** Opening RECORDS SUPPLIED block **

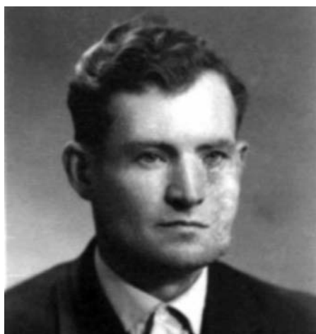
Ranny podczas rzezi kol. Stasin w pow. włodzimierskim na Wołyniu w lipcu 1943 r. Lewa część twarzy zniekształcona na skutek obrażeń
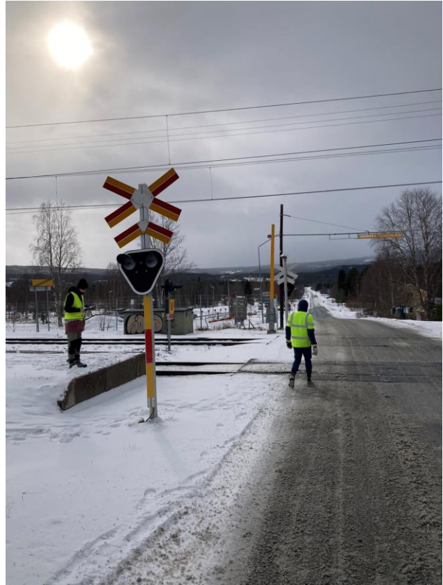
Det saknas gångförbindelse mellan pendlarparkering och plattform, det saknas även ramp/trappa upp till plattform.
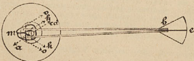
Slika br. 3.
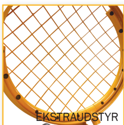
Dust Controller (Støvliminator) Varenr. 200 001DL DB-nr. 1746711
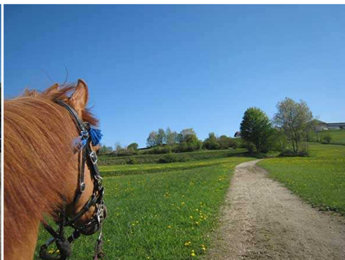
auf dem Weg nach Landshut bei Unterweißenbach
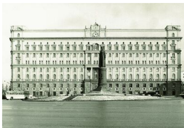
Łubianka, siedziba NKWD i więzienie śledcze w Moskwie, dokąd przewieziono z Polski gen. Okulickiego i innych przywódców Polskiego Państwa Podziemnego
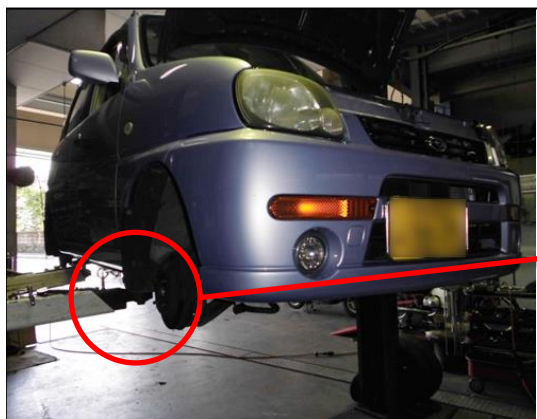
①受入点検→リフトアップ
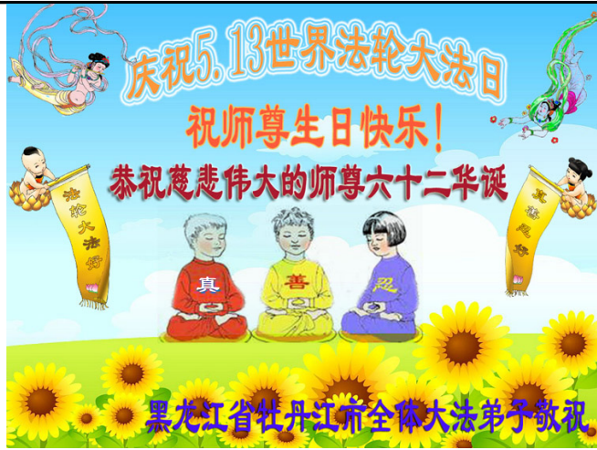
图：牡丹江大法弟子祝贺法轮大法日
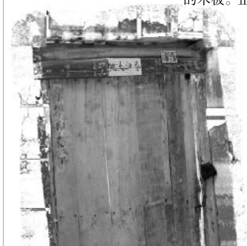
下沟村 23 号屋

刘芳艳携母离开老家快两年了，离家时，她委托堂哥刘岁存照看房子。当刘岁存打开尘封已久的大门让我们走进院落时，在春意盎然的季节，我们却感到了秋的凄凉。用干打垒围成的院子里，长满了杂草，四间房子，南北向一间，为正屋，东西向三间，为偏房，土坯墙上有许多大大小小的裂缝，室内墙上留下的漏雨的痕迹像画下的大幅地图，夯土地面潮湿得能挤出水来。三间偏房，一间是厨房，另一间堆满了可能是杜桂兰在家时割的柴草，中间是刘仓的房间，除了大炕，别无他物。正屋是杜桂兰的房间，大炕占据了房间的一半，左手边是三开门的立柜，油漆已渐渐脱落，立柜旁摞起两根直木锯成的木板。正对门是中堂，中堂挂的是悼念刘
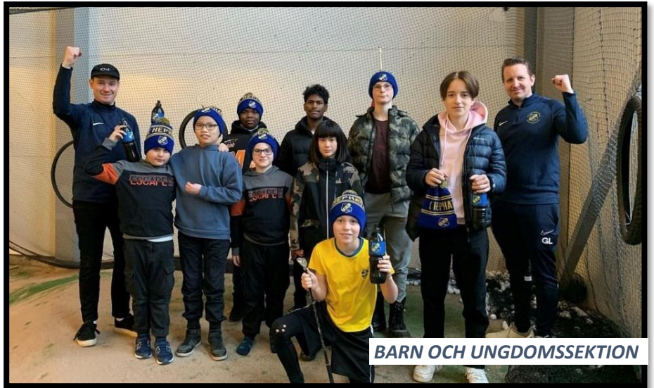
BARN OCH UNGDOMSSEKTION
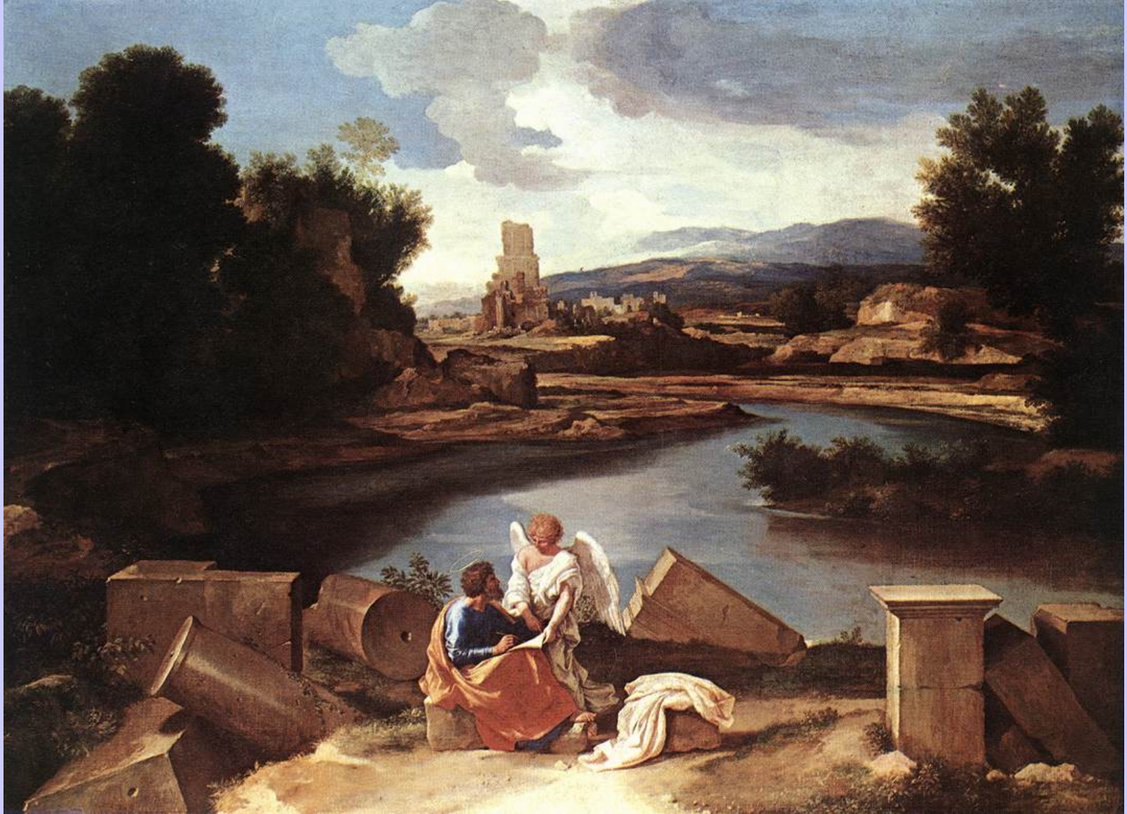
Nicolas Poussin (Les Andelys, 1594 – Rome, 1665), Paysage avec saint Matthieu et l'ange , vers 1640, peinture à l'huile sur toile, Berlin, Staatliche Museen.
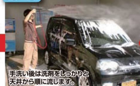
手洗後は洗剤をしっかりと天井から順に流します。
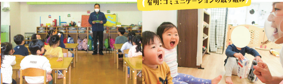
有明：コミュニケーションの取り組み

今後も、専門職としての保育士が、園児の健やかな成長を第一に考え、新たな取り組みにチャレンジができる環境を整備したいと思います。

** Closing RECORDS SUPPLIED block **

- WORK ITEM -
Would you restate the listing word for word and leave every picture out?

- RESPONSE AREA -
Ranny podczas rzezi kol. Stasin w pow. włodzimierskim na Wołyniu w lipcu 1943 r. Lewa część twarzy zniekształcona na skutek obrażeń
Det saknas gångförbindelse mellan pendlarparkering och plattform, det saknas även ramp/trappa upp till plattform.
Slika br. 3.
Dust Controller (Støvliminator) Varenr. 200 001DL DB-nr. 1746711
auf dem Weg nach Landshut bei Unterweißenbach
Łubianka, siedziba NKWD i więzienie śledcze w Moskwie, dokąd przewieziono z Polski gen. Okulickiego i innych przywódców Polskiego Państwa Podziemnego
①受入点検→リフトアップ
图：牡丹江大法弟子祝贺法轮大法日
下沟村 23 号屋

刘芳艳携母离开老家快两年了，离家时，她委托堂哥刘岁存照看房子。当刘岁存打开尘封已久的大门让我们走进院落时，在春意盎然的季节，我们却感到了秋的凄凉。用干打垒围成的院子里，长满了杂草，四间房子，南北向一间，为正屋，东西向三间，为偏房，土坯墙上有许多大大小小的裂缝，室内墙上留下的漏雨的痕迹像画下的大幅地图，夯土地面潮湿得能挤出水来。三间偏房，一间是厨房，另一间堆满了可能是杜桂兰在家时割的柴草，中间是刘仓的房间，除了大炕，别无他物。正屋是杜桂兰的房间，大炕占据了房间的一半，左手边是三开门的立柜，油漆已渐渐脱落，立柜旁摞起两根直木锯成的木板。正对门是中堂，中堂挂的是悼念刘
BARN OCH UNGDOMSSEKTION
Nicolas Poussin (Les Andelys, 1594 – Rome, 1665), Paysage avec saint Matthieu et l'ange , vers 1640, peinture à l'huile sur toile, Berlin, Staatliche Museen.
手洗後は洗剤をしっかりと天井から順に流します。
有明：コミュニケーションの取り組み

今後も、専門職としての保育士が、園児の健やかな成長を第一に考え、新たな取り組みにチャレンジができる環境を整備したいと思います。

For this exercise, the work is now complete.